Chi puo’ richiedere la cittadinanza italiana per matrimonio
Il coniuge straniero (o apolide) di un cittadino italiano puo’ richiedere la cittadinanza italiana in base all’art. 5 della Legge 91/1992. Non e’ un riconoscimento automatico: e’ una concessione, subordinata al rispetto di determinati requisiti.
Quando si puo’ fare domanda: i requisiti temporali
La domanda puo’ essere presentata solo dopo che sono trascorsi:
- 2 anni di residenza legale in Italia successivi al matrimonio (se si risiede in Italia)
- 3 anni dalla data del matrimonio (se si resiede all’estero, come nel caso del Regno Unito)
Questi tempi si dimezzano in presenza di figli nati o adottati dalla coppia:
- 1 anno in Italia
- 18 mesi all’estero (con figli)
Il matrimonio deve essere ancora in vigore al momento della domanda: non deve essere intervenuto scioglimento, annullamento o separazione.
I requisiti per la domanda
Oltre ai requisiti temporali, per ottenere la cittadinanza per matrimonio e’ necessario:
- Non avere condanne penali rilevanti (in Italia o all’estero)
- Dimostrare una conoscenza della lingua italiana di livello almeno B1 (esame obbligatorio)
- Non essere stati dichiarati decaduti dalla cittadinanza italiana in precedenza
A differenza della cittadinanza per residenza, NON e’ richiesta la dimostrazione di reddito sufficiente.
I documenti necessari
I principali documenti da presentare includono:
- Atto integrale di matrimonio trascritto in Italia
- Atto di nascita con tutte le generalita’ del richiedente (tradotto e legalizzato/apostillato)
- Certificato penale del Paese di origine (valido 6 mesi, apostillato e tradotto)
- Certificato di residenza in Italia (se residente in Italia) o prova di residenza all’estero
- Copia del passaporto o carta d’identita’ in corso di validita’
- Attestazione del livello B1 di lingua italiana
Se al momento del matrimonio hai cambiato cognome e c’e’ discordanza con il tuo atto di nascita, dovrai presentare anche un certificato di esatte generalita’ rilasciato dall’ambasciata o consolato del Paese di origine.
Come si presenta la domanda
La domanda si presenta esclusivamente online tramite il Portale ALI del Ministero dell’Interno (con SPID o CIE).
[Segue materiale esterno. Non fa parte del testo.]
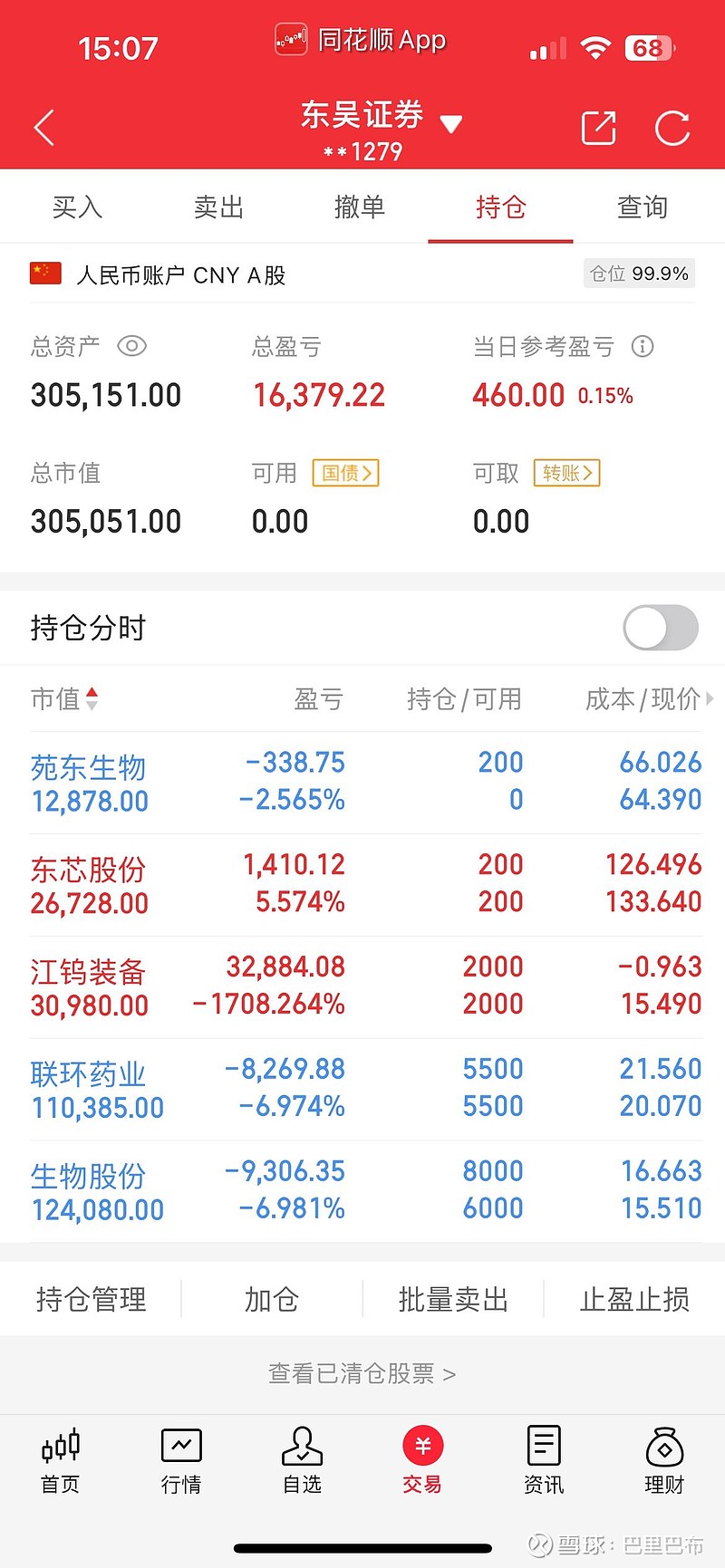 年前最后一个交易日,$江钨装备(SH600397)$ 抛得还剩个底仓,中长线想象的空间还是比较大,年后逢低可以慢慢再买回来。$苑东生物(SH688513)$ 建了点底仓,长线还是老样子,下跌15到20个点,伞型补仓。

Se sei residente all’estero, selezionerai il Modello AE; se sei in Italia, il Modello A.
E’ necessario pagare un contributo di 250 euro piu’ 16 euro di marca da bollo.
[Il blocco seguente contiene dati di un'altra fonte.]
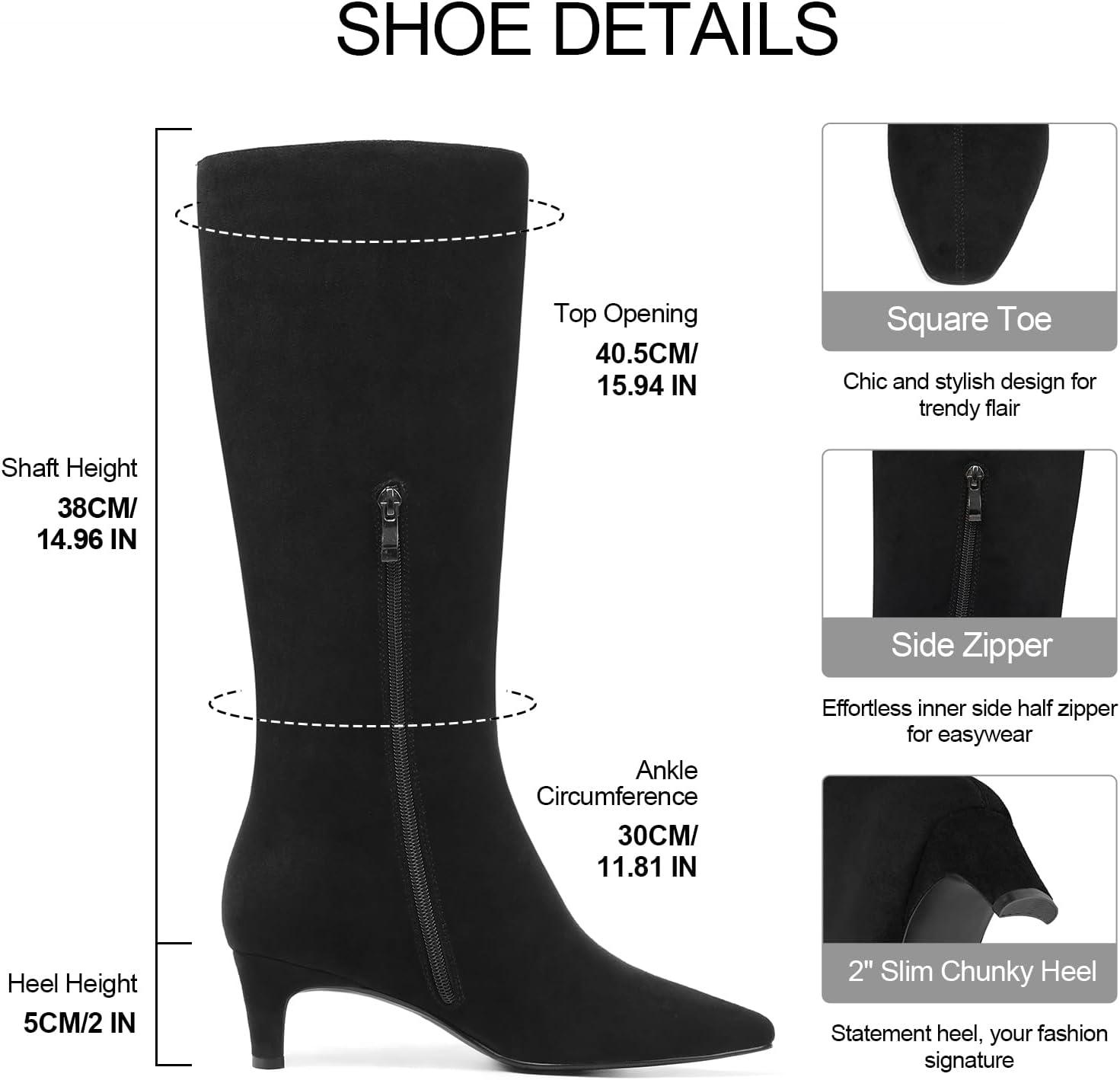 - Score big on Tscoyuki Knee High Boots for Women Kitten Low Heel Square Toe Tall Boots Side Zipper Vegan Leather Heeled Long Fall Boots for Office Dating Party Work Trendy(Black Suede) and accessories during our BOGO sale. Buy one, get one 50% off!

I tempi di lavorazione sono di 24-36 mesi dalla presentazione della domanda.
Perche’ bisogna affrettarsi: i recenti cambiamenti
ATTENZIONE: Le recenti riforme normative stanno modificando il panorama della cittadinanza italiana. Anche se la procedura per matrimonio e’ rimasta sostanzialmente invariata, il contesto generale e’ in evoluzione rapida.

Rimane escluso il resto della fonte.